Wednesday, October 8, 2008
You wake me up.
I know your first reaction as you read these lines will be " hey he is angry". Well I am not. Actually I must confess I am happy. I was feeling something going wrong. I felt that. Remember in the last days u asked me if I am human? Well sometimes I wonder how it is possible to feel and know these things. I was blind until yesterday. And I felt that some vicious cycle is happening again. Among those characterisitic of you that I admire, honesty is something I aprreciate a lot. To be honest I would not stand this if I was looking for short term stuff. There are so many things I have not told about myself. I left them for you to discover. Sometimes i think i need to talk about them. Sometimes you see the finger pointing to the moon. There are certain things i can not promise you now. I can not promise a wallet full of money. But i can see a happy life. Here comes the question, which one is more important?I have looked at so many lives, rich people, poor people. I have learnt the most important thing is love. Money can buy so many things,but there are other stuff that you can not buy. Maybe I am more ambitious than you. I have learnt my lessons from life. I look back at our story. It is amazing in so many respects. It didnt get here just because of me.

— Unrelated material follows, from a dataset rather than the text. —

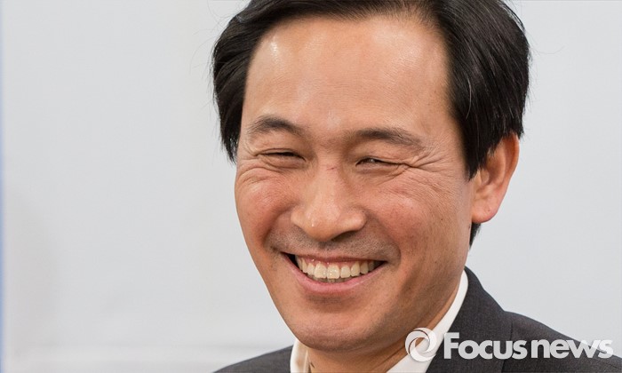 (서울=포커스뉴스) 16일 오전 서울 여의도 국회 더불어민주당 원내대표회의실에서 우상호 원내대표가 최문순 강원도지사와의 면담에 앞서 밝게 웃고 있다.

Actually u made so many things happen especially in the begining. When look back I can not say every single moment was happy. But I see so many good things happened in the short time. We met in a very stressful time. We did so much together. We had productive time. We bridged the gap between nations, cultures. All of these are wonderful. I have learnt also one thing, I shall not and I wont force things in a realtion. It is a mutual thing. There are so many thing why this relation between you and me is unique. But I have walked so fast. I will walk with ur pace.And try my best to makes us happy.